A research team led by Prof. PAN Xu from the Hefei Institutes of Physical Science of the Chinese Academy of Sciences (CAS) have developed an optimized transport layer for inverted perovskite solar cells, achieving a breakthrough that enhances both device efficiency and stability.

The findings were published in Nature Materials.

Perovskite solar cells have achieved power conversion efficiencies close to 27%, positioning them at the forefront of next-generation photovoltaic research. Previously, the research team developed a novel strategy to homogenize cation distribution within the perovskite absorber layer, offering a new pathway for absorber optimization. In addition to the absorber, the semiconductive transport layers play a critical role in charge separation and transport. Among them, [6,6]-phenyl-C61-butyric acid methyl ester (PCBM) is widely used as an electron transport material, but it readily forms dimers under light and heat. This leads to reduced charge mobility, efficiency loss, and accelerated degradation, posing a major challenge for practical applications.
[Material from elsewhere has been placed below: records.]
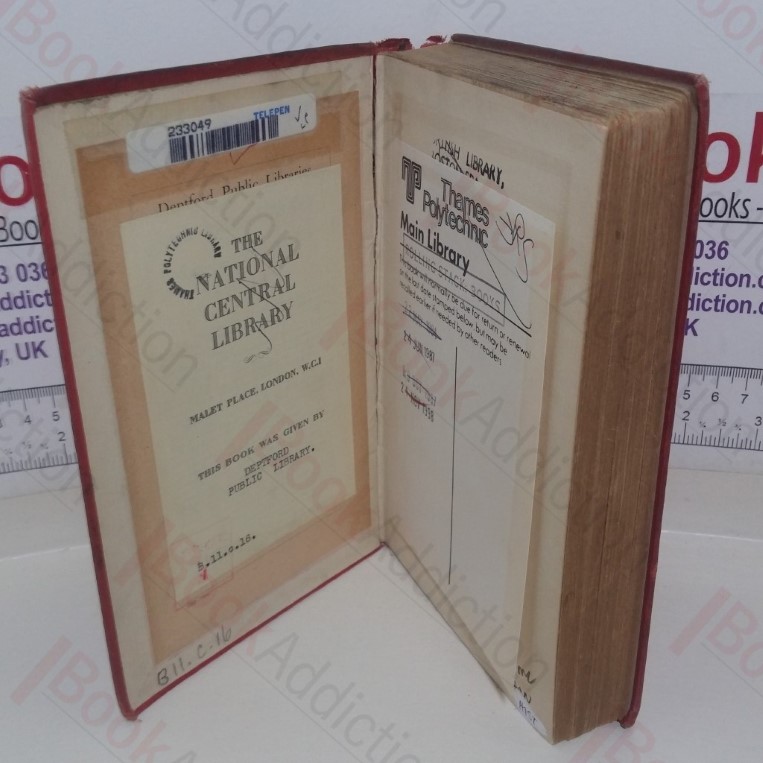 xii, 300pp, [4pp] publisher’s adverts. Red cloth-covered boards, black motif and titles on front, gilt titles on spine. 12mo. Sun-faded spine with heavy wear and some loss to spine cover and ends, cloth at joints fraying lender’s shelf number label on spine. Moderate soiling to boards, label on front cover, corners rubbed and rounded. Top text block edge dusty, all edges tanned. Endpapers tanned. Lender’s stamps, labels and markings on endpapers and prelims. Internally front hinge cracked, gutters cracked in various places, volume loos, pages tanned, more heavily at margins, otherwise pages are neat and mainly unmarked.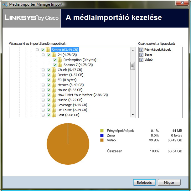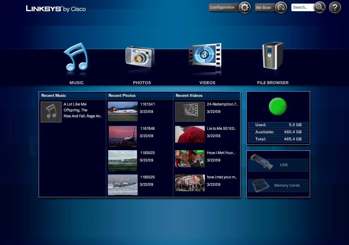Visszatérve a főmenüre, a zenék, videófájlok és képek (kategóriánként) egyetlen felületről érhetők el, függetlenül attól, hogy fizikailag a merevlemez melyik mappájában találhatók. A Cisco alapkoncepciója az volt, hogy a webes felületet böngészve a userek a zenéket és filmeket, valamint a képeket a böngészőn keresztül játszhassák le. A fent részletezett formátumokkal IE7 és Firefox 3 alatt nem volt gondunk, utóbbi esetében viszont telepítenünk kellett Windows Media Player Firefox modult is.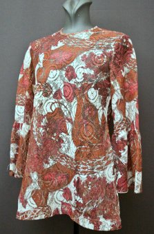 1970's day-dress, cotton dress, A-line dress, psychedelic dress, mini dress, crimplene dress, floral dress, ethnic dress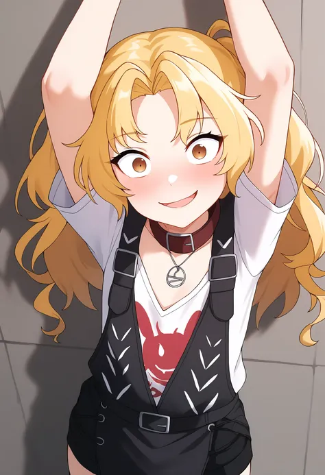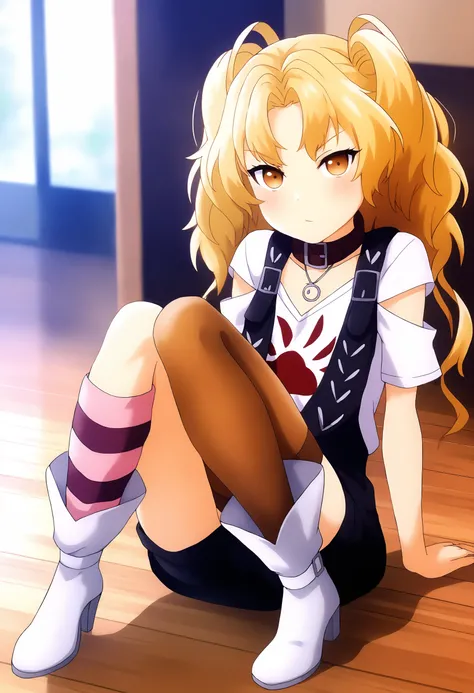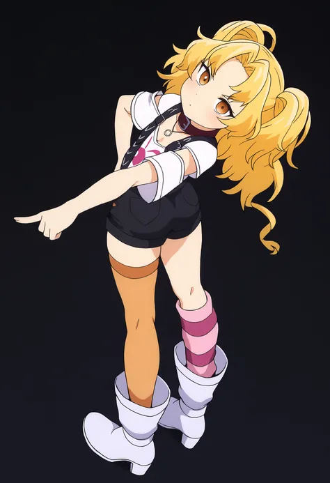 yuzuki_katagiri, 1girl, brown eyes, blonde hairasymmetrical legwear, single thighhigh, black shorts, boots, collar, collarbone, denim, denim shorts, high heels, necklace, outstretched arms, pink sock, short shorts, short sleeves, shorts, striped clothes, striped sock, white boots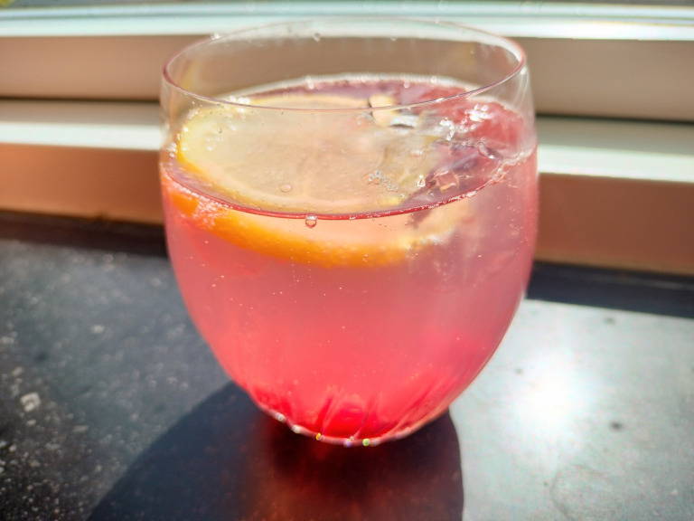 Hæld gin, strikkelsbærsirup og citron i et glas.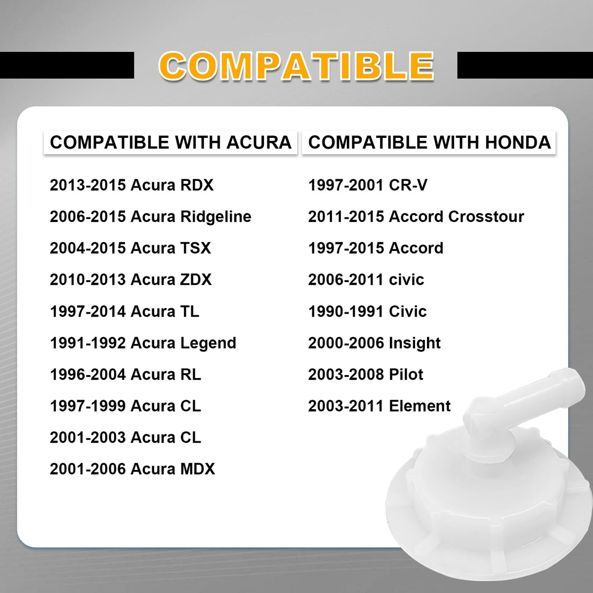 ---Suitable For---Our coolant caps Compatible with 2013-2015 Acura RDX,Compatible with 2006-2015 Acura Ridgeline,Compatible with 2004-2015 Acura TSX,Compatible with 2010-2013 Acura ZDX,Compatible with 1997-2014 Acura TL,Compatible with 1991-1992 Acura Legend,Compatible with 1996-2004 Acura RL,Compatible with 1997-1999 Acura CL,Compatible with 2001-2003 Acura CL,Compatible with 2001-2006 Acura MDX,Compatible with 1997-2001 CR-V,Compatible with 2011-2015 Accord Crosstour,Compatible with 1997-2015 Accord,Compatible with 2006-2011 Civic,Compatible with 1990-1991 Civic,Compatible with 2000-2006 Insight,Compatible with 2003-2008 Pilot,Compatible with 2003-2011 Element---Product Information---OEM: 19106-RNA-A48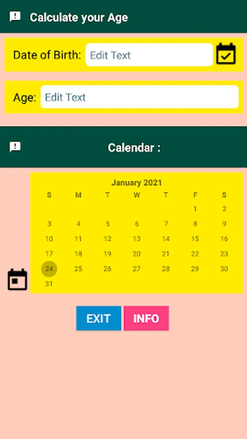 • This application calculates the Age of any person with the help of BIRTH DATE.

To address this issue, the researchers analyzed the stacking behavior of PCBM molecules on different perovskite surface terminations. They identified molecular orientation heterogeneity as a key factor promoting dimer formation.

Based on this finding, the researchers designed a PCBM precursor additive, 2,3,5,6-tetrafluoro-4-iodobenzoic acid (FIBA), which interacts with PCBM molecules, guiding their ordered stacking on the perovskite surface and homogenizing molecular orientation. This alignment suppresses the topological matching necessary for the cycloaddition reaction, which effectively inhibits dimer formation.

Using this strategy, the researchers achieved impressive device performance. They achieved 26.6% efficiency for small-area cells (approximately 0.1 cm²), 25.3% for single-cell devices (1 cm²), and 21.3% for large-area modules (762 cm²). Additionally, the optimized devices demonstrated exceptional stability, maintaining over 85% of their initial efficiency after 2,000 hours of continuous operation under combined heat, humidity, and light stress conditions.

This work provides a practical and effective approach to improving the efficiency and stability of perovskite solar cells simultaneously.

This work was supported by the Youth Team Program for Stable Support of Basic Research of CAS, the National Key R&D Program of China, and the National Natural Science Foundation of China.